# How to complete this task
Set down the whole listing below exactly. The pictures stay out.
*-*-*
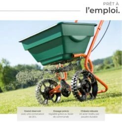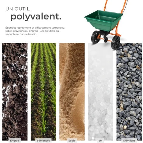 - Convient pour les semences, l’engrais, le sable, le sel de déneigement et le gravier.
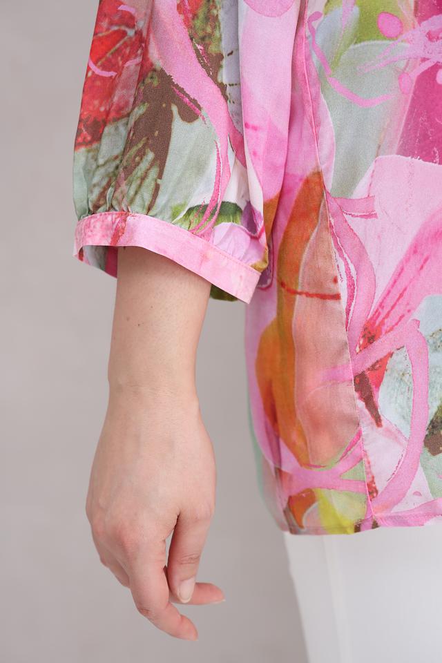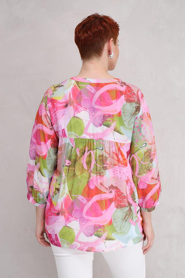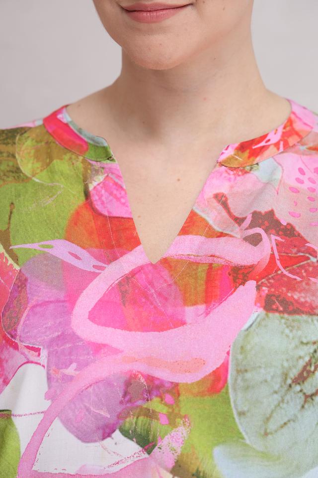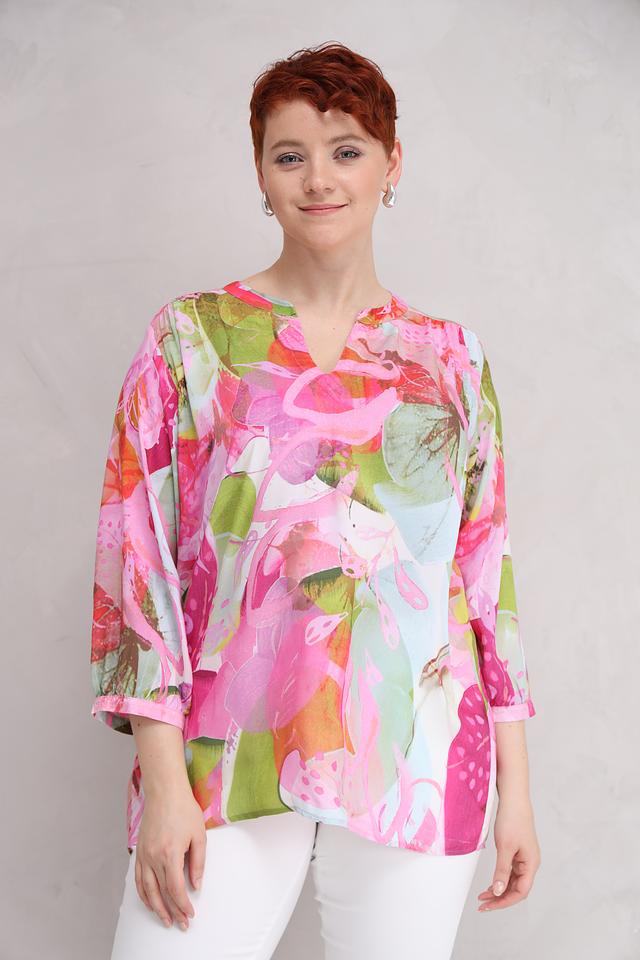 Яркий цветочный принт делает эту блузу уникальной и привлекательной. Она идеально подходит для создания как повседневных, так и праздничных образов. Блузу можно сочетать с брюками, юбками или джинсами.
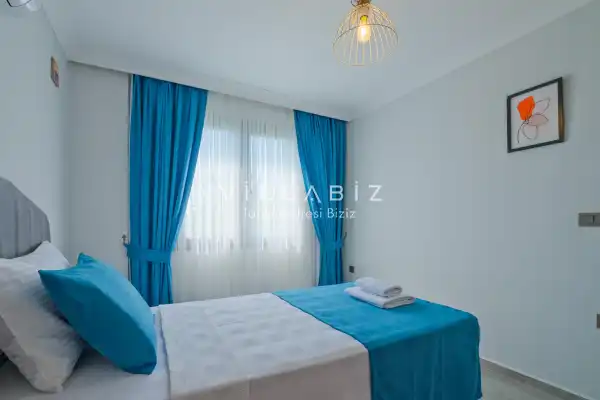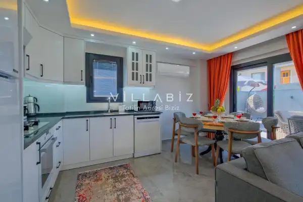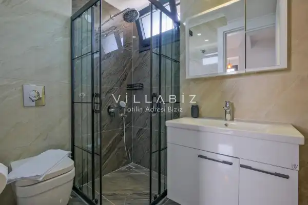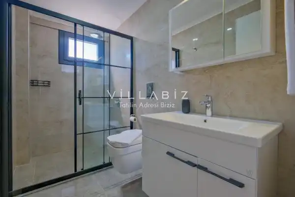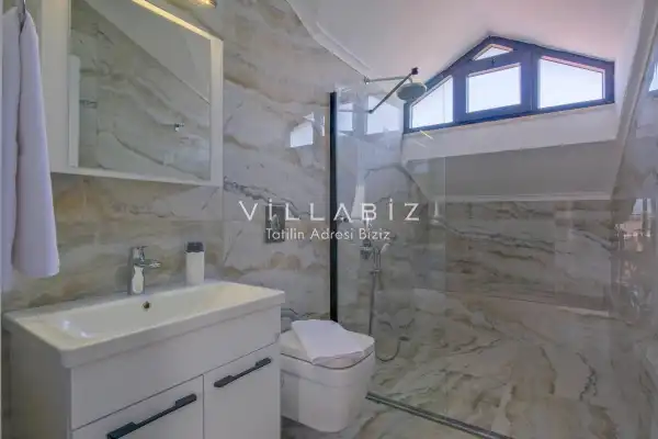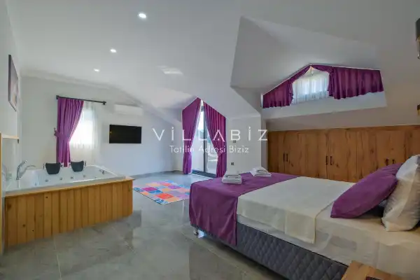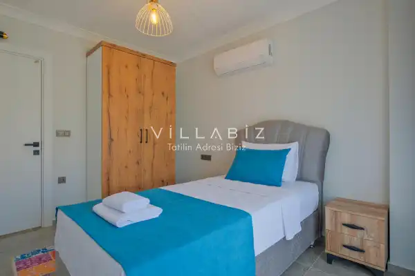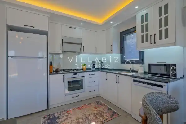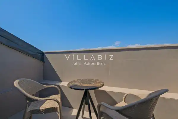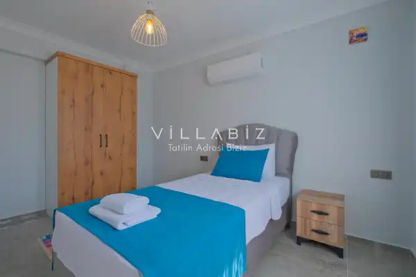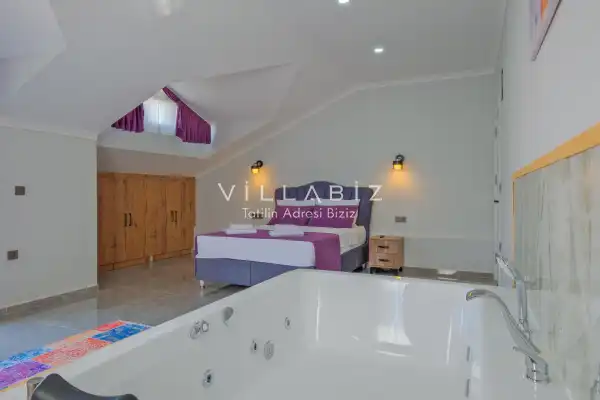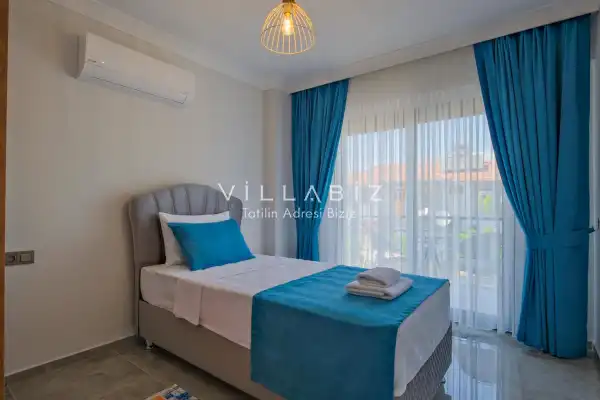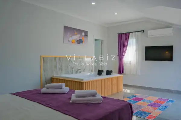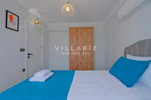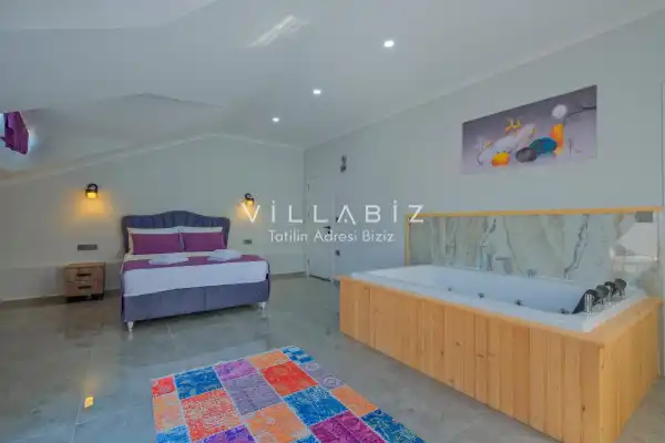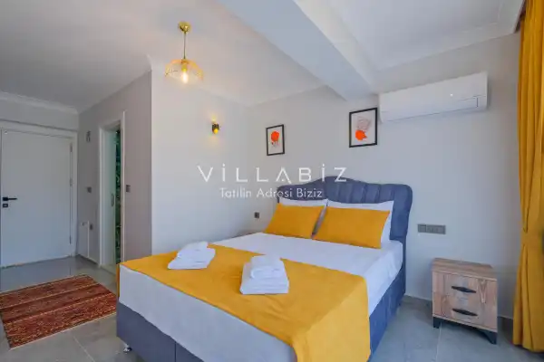 Toplam 4 yatak odasından oluşmuş, 6 kişi konaklama kapasitesine sahiptir. Geniş aileler ve kalabalık arkadaş grupları için oldukça idealdir. Oldukça şık ve modern bir şekilde döşenmiş olan villamızda misafirlerimiz için her şey düşünülmüştür. Havuz terasında bulunan şezlonglarda güneşlenebilir, bahçe masasında muhteşem yemekler yiyebilir, salıncakta sallanıp keyifli dakikalar geçirebilirsiniz.
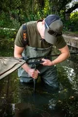 Der Fox Carpmaster Net Safe mit 3/8 BSF-Gewinde bietet ein robustes Stützsystem für Deinen Kescher, das Dein Netz sicher über dem Wasser hält und Dir ermöglicht, Fische geschützt zu hältern, während Du Dich auf das Wiegen, Fotografieren oder Lösen des Hakens vorbereitest.
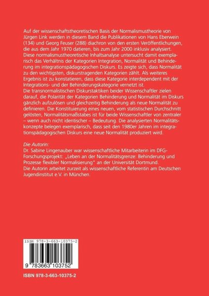 Normalität ist neben Behinderung und Integration die bedeutsamste Kategorie des integrationspädagogischen Diskurses. Anhand einer exemplarischen Analyse der Werke von Eberwein und Feuser wird aufgezeigt, wie im Diskurs die Polarität der Kategorien Behinderung und Normalität aufgelöst und gleichzeitig Behinderung als neue Normalität produziert wird.
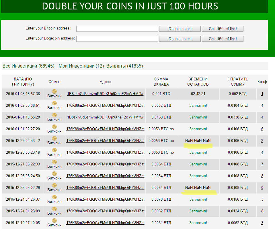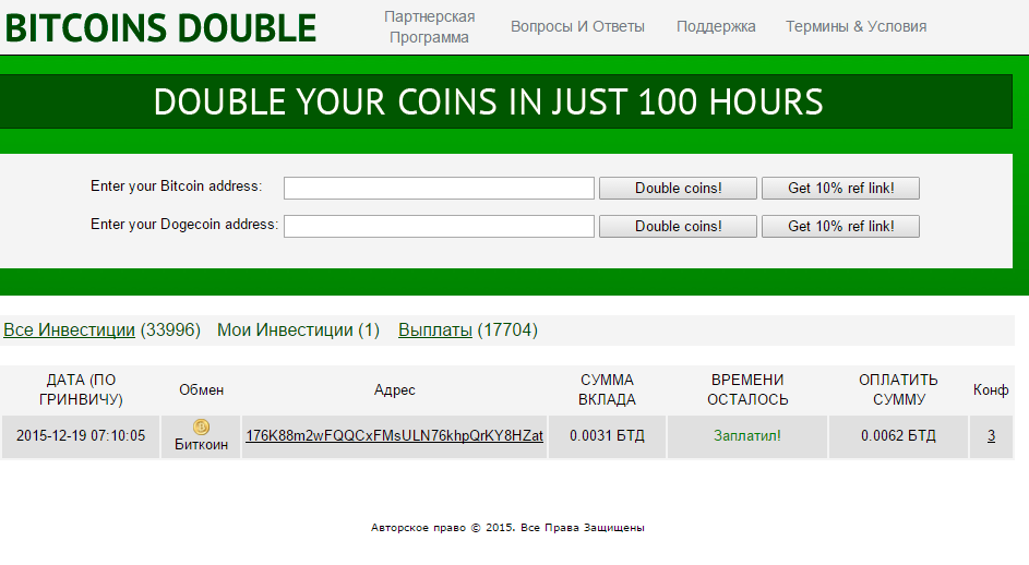 Все очень просто. Делаете инвестицию Bitcoin или Dogecoin на любую сумму и получите двойную прибыль через 100 часов.
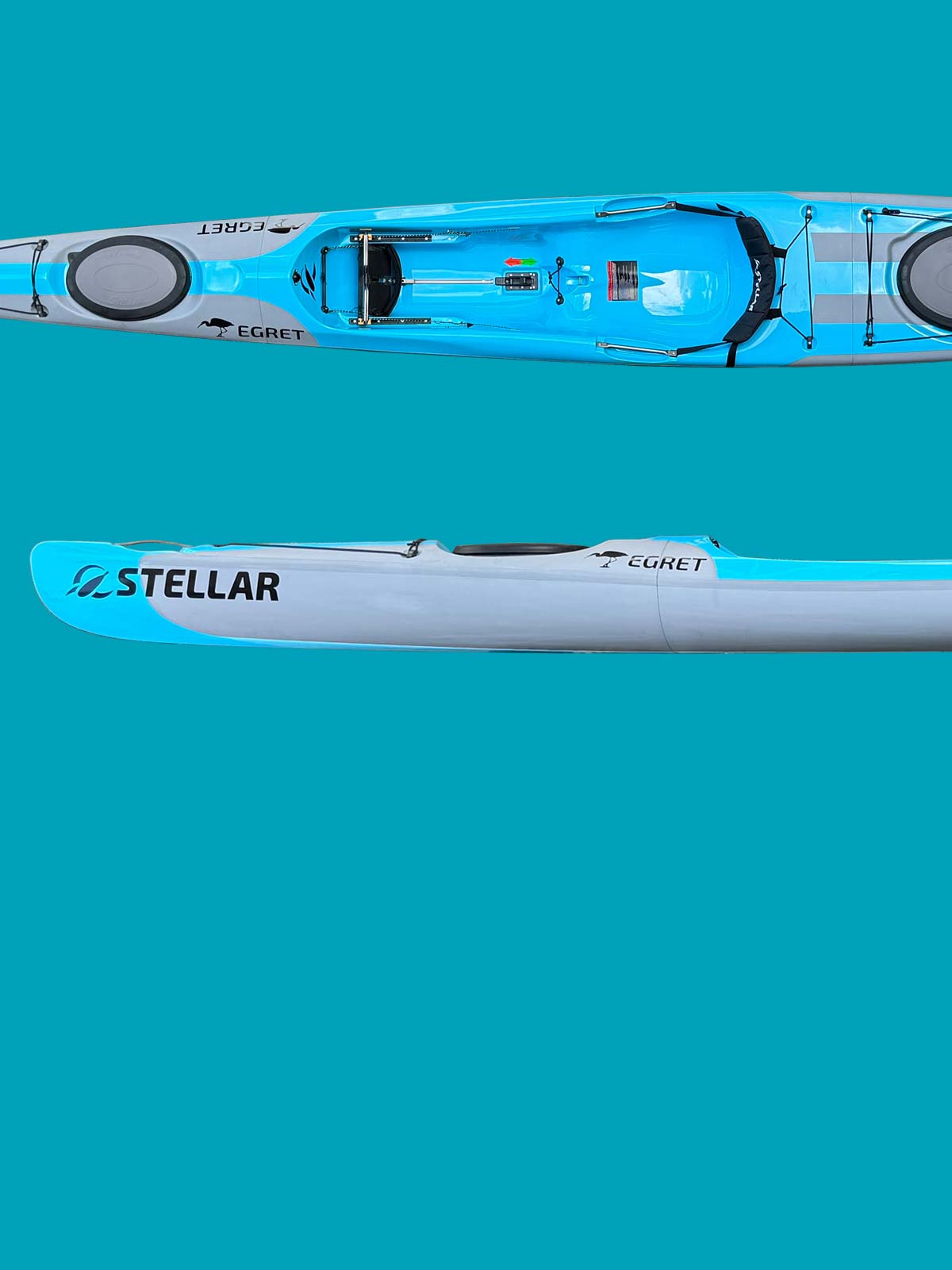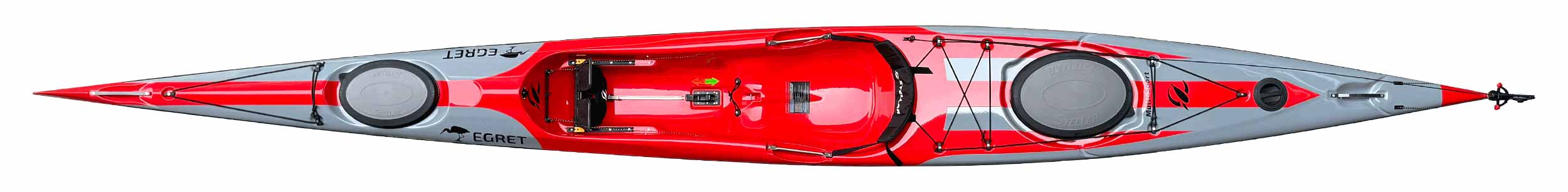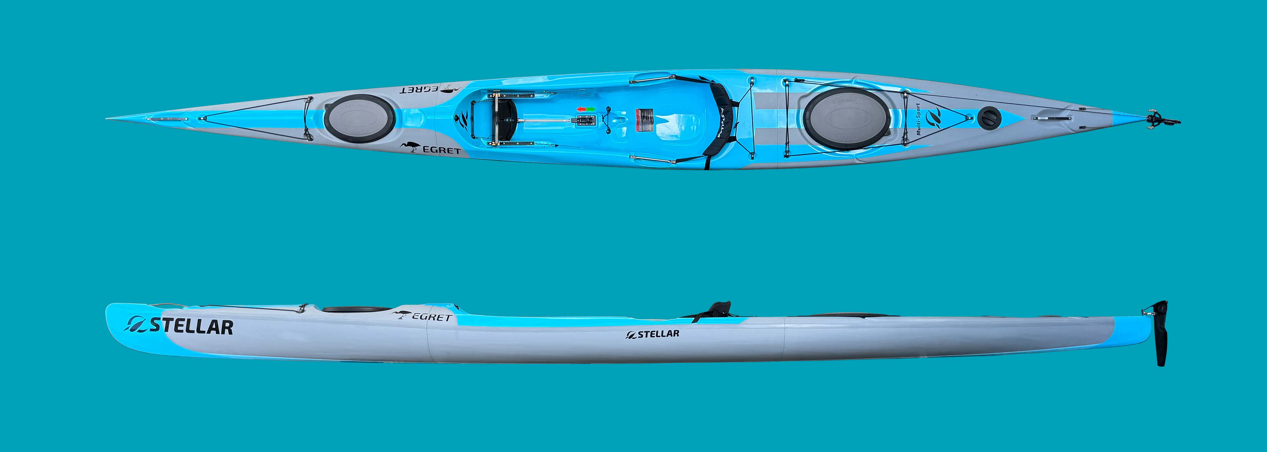 Le Stellar Egret a un concept de bateau qui combine les avantages d'un ski de surf avec ceux d'un kayak de randonnée : le siège ouvert permet différentes positions assises et un embarquement et un débarquement rapides. Les trappes à bagages permettent d'emporter des bagages pour des randonnées de plusieurs semaines.
*-*-*
# Completed task
 - Convient pour les semences, l’engrais, le sable, le sel de déneigement et le gravier.
 Яркий цветочный принт делает эту блузу уникальной и привлекательной. Она идеально подходит для создания как повседневных, так и праздничных образов. Блузу можно сочетать с брюками, юбками или джинсами.
 Toplam 4 yatak odasından oluşmuş, 6 kişi konaklama kapasitesine sahiptir. Geniş aileler ve kalabalık arkadaş grupları için oldukça idealdir. Oldukça şık ve modern bir şekilde döşenmiş olan villamızda misafirlerimiz için her şey düşünülmüştür. Havuz terasında bulunan şezlonglarda güneşlenebilir, bahçe masasında muhteşem yemekler yiyebilir, salıncakta sallanıp keyifli dakikalar geçirebilirsiniz.
 Der Fox Carpmaster Net Safe mit 3/8 BSF-Gewinde bietet ein robustes Stützsystem für Deinen Kescher, das Dein Netz sicher über dem Wasser hält und Dir ermöglicht, Fische geschützt zu hältern, während Du Dich auf das Wiegen, Fotografieren oder Lösen des Hakens vorbereitest.
 Normalität ist neben Behinderung und Integration die bedeutsamste Kategorie des integrationspädagogischen Diskurses. Anhand einer exemplarischen Analyse der Werke von Eberwein und Feuser wird aufgezeigt, wie im Diskurs die Polarität der Kategorien Behinderung und Normalität aufgelöst und gleichzeitig Behinderung als neue Normalität produziert wird.
 Все очень просто. Делаете инвестицию Bitcoin или Dogecoin на любую сумму и получите двойную прибыль через 100 часов.
 Le Stellar Egret a un concept de bateau qui combine les avantages d'un ski de surf avec ceux d'un kayak de randonnée : le siège ouvert permet différentes positions assises et un embarquement et un débarquement rapides. Les trappes à bagages permettent d'emporter des bagages pour des randonnées de plusieurs semaines.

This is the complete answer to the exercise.